Das Publikum jedenfalls ist erstmal irritiert. Ein sakraler Raum, nur Sitzplätze, auf denen auch noch ein geheimnisvolles Faltheftchen liegt, auf dem in weißen Lettern auf schwarzem Grund „Friend or Foe?“ und „Desire or Fear?“ geschrieben steht und das eine Fabel um einen listigen Fuchs, einen hilfsbereiten Wolf, den Mond, ein Stück Käse und einen Brunnen beinhaltet. Rätselhaft. Niemand weiß, was ihn an diesem Abend erwarten wird. Die Atmosphäre ist zum Schneiden.
Dann pünktlich um 20.30 Uhr erscheint die Band auf der Bühne. Win Butler sieht mit kurzen Haaren, Hosenträgern und Stiefeln aus, als sei er gerade erst aus dem elterlichen Haus in Houston, Texas fortgelaufen – oder aus den Seiten von John Kennedy Toole herausgefallen. Er bittet die Gemeinde, noch leicht nervös, aufzustehen, schließlich handele es sich hier um ein Rockkonzert. Erleichtert grinst er, als alle ihm folgen. Regine steht neben ihm, dreht an ihrem Hurd-Gurdy wie am Anlasser eines alten Autos bis „Black Mirror“ endlich anspringt. „Un, deux, trois! Dis: Miroir Noir“ hallt es von den Wänden.
Überwältigend, von großer Opulenz. Und das, obwohl Arcade Fire „nur“ von einer zusätzlichen Geigerin und zwei Bläsern begleitet werden. Doch schon diese „Minimalbesetzung“ sorgt für Irritationen: Zwischen neun und zwölf Musiker wollen die britischen Kritiker in ihren Zeitungsberichten am nächsten Tag erkannt haben. Es waren ziemlich genau zehn – auch wenn Wins junger Bruder Will mindestens für zwei herumhüpft und Faxen macht.
„Keep The Car Running“, „No Cars Go“, „Black Wave/Bad Vibration“ – die Nervosität auf der Bühne lässt langsam nach, das Publikum ist begeistert, aber lang nicht so euphorisch, wie Arcade Fire das vermutlich von den „Funeral“-Shows gewohnt sind.
„Man konnte schon spüren, dass das kein Konzert wie jedes andere war“, meint Richard am nächsten Tag. „Es kam mir so vor, als wären die Leute genauso nervös wie wir.
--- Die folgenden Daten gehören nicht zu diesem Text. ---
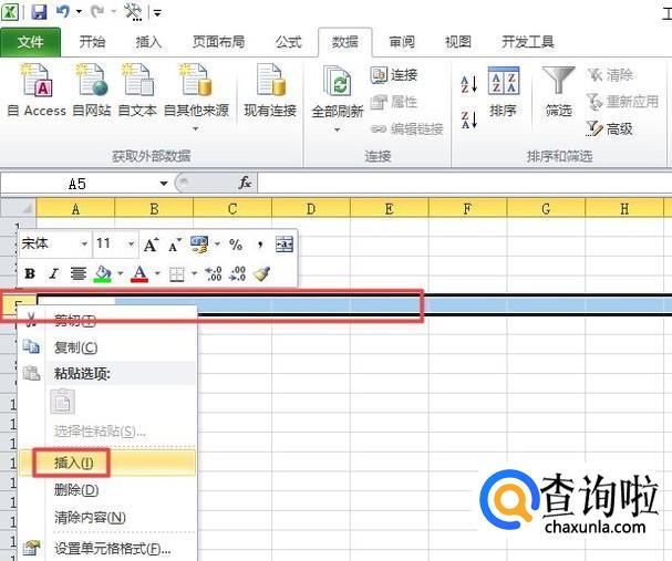 然后我们选中第5行,然后右击选择插入;
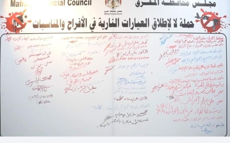 وأعلن من خلاله وجهاء وشيوخ عشائرية في المحافظة تنفيذهم الفوري لتوجيهات الملك الرامية إلى عدم إطلاق العيارات النارية في الافراح والمناسبات، وتكثيف الحملات الأمنية لملاحقة من يحوزون السلاح بطريقة غير شرعية من خلال محافظ المفرق ومديرية الشرطة فيها .
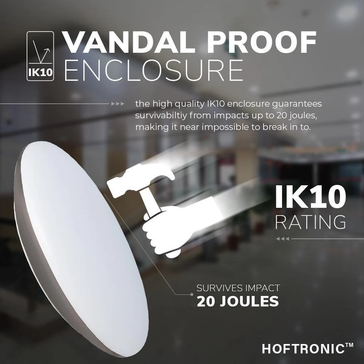 Deze plafonniere is voorzien van IK10 gehard glas. Daar zie je natuurlijk helemaal niets van, maar hierdoor kan de plafondlamp wel tegen een stootje. De lamp wordt dan ook veel toegepast als projectverlichting en als verlichting in openbare ruimtes.
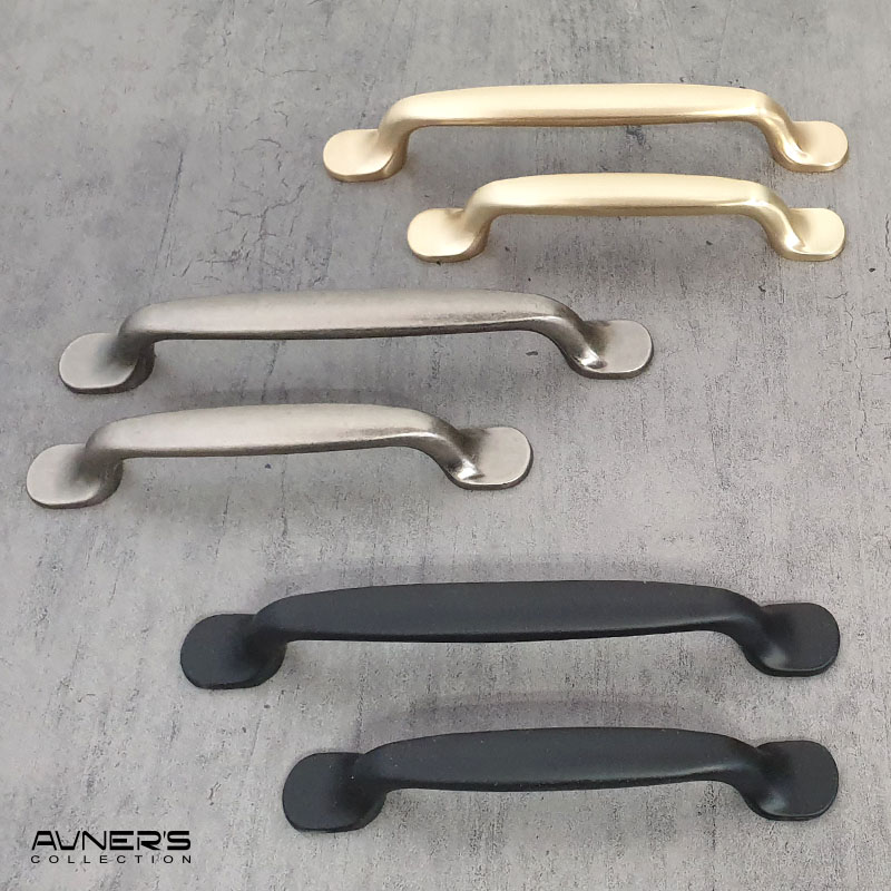 מבחר עשיר ידיות לארונות ולריהוט בגימור שחור מט, ידיות מעוצבות למטבח כפרי או קלאסי, ניתן לשלב עם ידיות כפתור בגימור שחור או ידיות קונכיה.
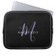 Elegant Modern Black Lavender Script Monogram Laptop Sleeve
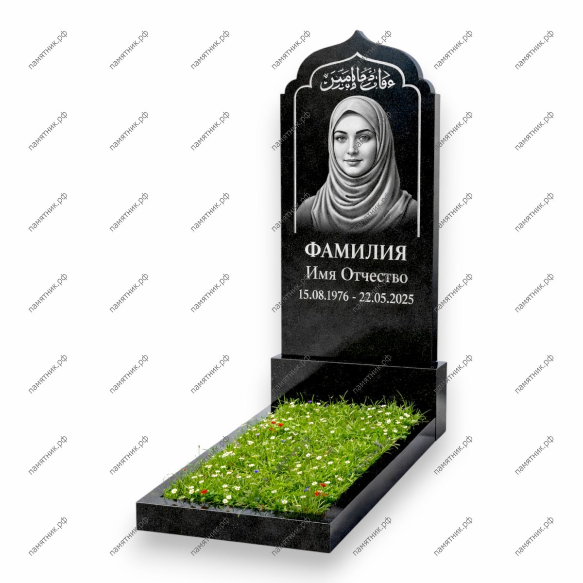 - Особенности: По периметру верхней части стелы пущена изящная светлая гравировка в виде тонкой рамки, внутри которой расположена арабская каллиграфия. Дизайн очень сдержанный, традиционный и элегантный.
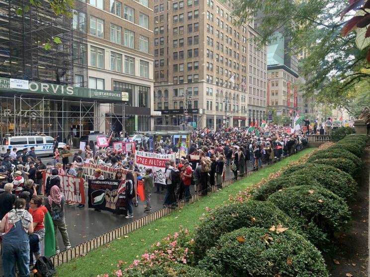 تظاهر آلاف النشطاء وأعضاء المنظمات الحقوقية والانسانية وأبناء الجاليات الفلسطينية والعربية والاسلامية، أمام مقر إقامة رئيس وزراء حكومة الاحتلال بنيامين نتنياهو، في مدينة نيويورك الأميركية، قبيل خطابه المقرر، اليوم الجمعة، في الجمعية العامة للأمم المتحدة، احتجاجا على جرائم الاحتلال المستمرة بحق شعبنا الفلسطيني، وما يحدث منذ أيام في لبنان.

Aber man hat auch gemerkt, dass sie wirklich wollten, dass alles gelingt. Obwohl sie nicht wussten, was sie erwartete.“
Als die ersten Akkorde von „Rebellion (Lies)“ erklingen, schlägt die kühl protestantische Athmosphäre in eine sprituellen Gospelgottesdienst um. Der Refrain „Every time you close your eyes/ Lies, Lies!“ wird zum himmlischen Jubelchor.
Nur an einer Stelle spürt das Publikum an diesem Abend in der St. John’s Church noch einen Hauch von Irritation. Als die Zeilen „I don’t wanna live in my father’s house no more“ aus dem neuen Song „Windowsill“ für einige Sekunden über dem Kopf des ehemaligen Theologiestudenten Win Butler kreisen.
„Jesus fucking Christ“, flucht er kurz darauf, als ein Megafon den Geist aufgibt, und lacht. Der gute alte Rock’n’Roll-Teufel ist in ihn gefahren. Das verspricht süße Träume.